The response should be an exact transcription of the data below, free of images.
START Information supplied
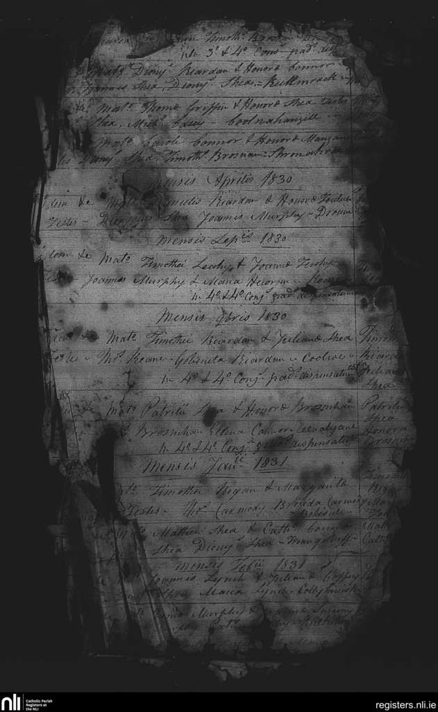 Glenbeigh; County of Kerry; Diocese of Kerry. Marriages, Mar. 1830 to Feb. 1831
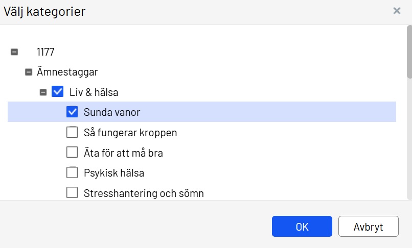 Klicka i kategori och underkategori. Du kan välja flera kategorier, kryssa för alla som är aktuella.
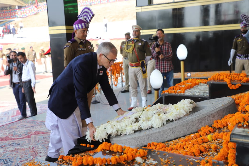 SRINAGAR, Oct 21: Chief Minister Omar Abdullah today paid homage to police martyrs on Police Commemoration Day during a solemn ceremony at the Police Martyrs Memorial here at Zewan.
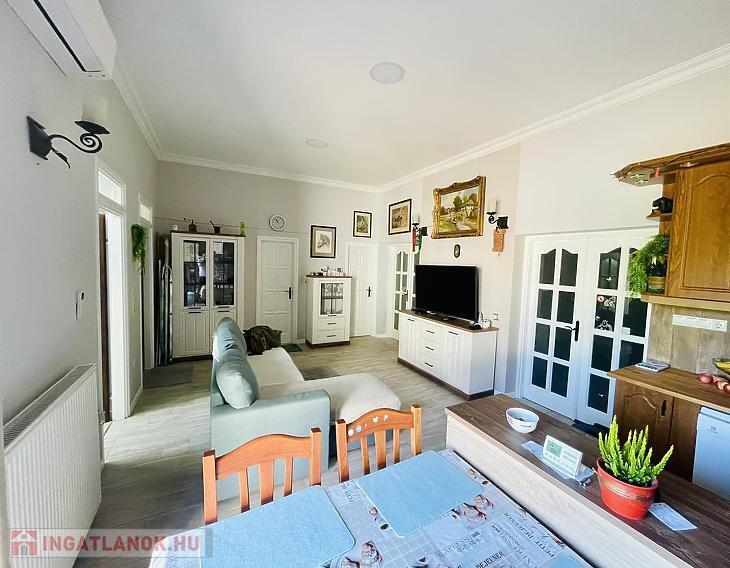 Family house for sale in Kisvác with two separate apartments, on a spacious plot! In a popular part of Kisvác, just 1-2 minutes walk from the Danube bank, two fully renovated apartments are for sale on a 1260 sqm plot. The apartments are separate, so they are an excellent opportunity for multi-generational families or for investment. Apartment 1 (92 sqm): Living room with American kitchen 2 bedrooms 2 bathrooms + WC Apartment 2 (108 sqm): Living room with American kitchen 3 bedrooms 1 bathroom 1 separate WC Both apartments have air conditioning, underfloor heating and a gas boiler to ensure year-round comfort. The property includes: Covered parking space Lockable garage Location: Bus stop: approx. 1 minute walk Shopping facilities: approx. 10 minutes walk School and kindergarten a few minutes walk Danube bank: 1-2 minutes walk This property is an ideal choice for families who want to live in a quiet, yet central environment, or for investors who are looking for a multi-apartment property. Contact our office with any questions or to view. If you need a loan to buy your new home, our professional loan broker colleagues are at your disposal free of charge.
END Information supplied
# Your solution
 Glenbeigh; County of Kerry; Diocese of Kerry. Marriages, Mar. 1830 to Feb. 1831
 Klicka i kategori och underkategori. Du kan välja flera kategorier, kryssa för alla som är aktuella.
 SRINAGAR, Oct 21: Chief Minister Omar Abdullah today paid homage to police martyrs on Police Commemoration Day during a solemn ceremony at the Police Martyrs Memorial here at Zewan.
 Family house for sale in Kisvác with two separate apartments, on a spacious plot! In a popular part of Kisvác, just 1-2 minutes walk from the Danube bank, two fully renovated apartments are for sale on a 1260 sqm plot. The apartments are separate, so they are an excellent opportunity for multi-generational families or for investment. Apartment 1 (92 sqm): Living room with American kitchen 2 bedrooms 2 bathrooms + WC Apartment 2 (108 sqm): Living room with American kitchen 3 bedrooms 1 bathroom 1 separate WC Both apartments have air conditioning, underfloor heating and a gas boiler to ensure year-round comfort. The property includes: Covered parking space Lockable garage Location: Bus stop: approx. 1 minute walk Shopping facilities: approx. 10 minutes walk School and kindergarten a few minutes walk Danube bank: 1-2 minutes walk This property is an ideal choice for families who want to live in a quiet, yet central environment, or for investors who are looking for a multi-apartment property. Contact our office with any questions or to view. If you need a loan to buy your new home, our professional loan broker colleagues are at your disposal free of charge.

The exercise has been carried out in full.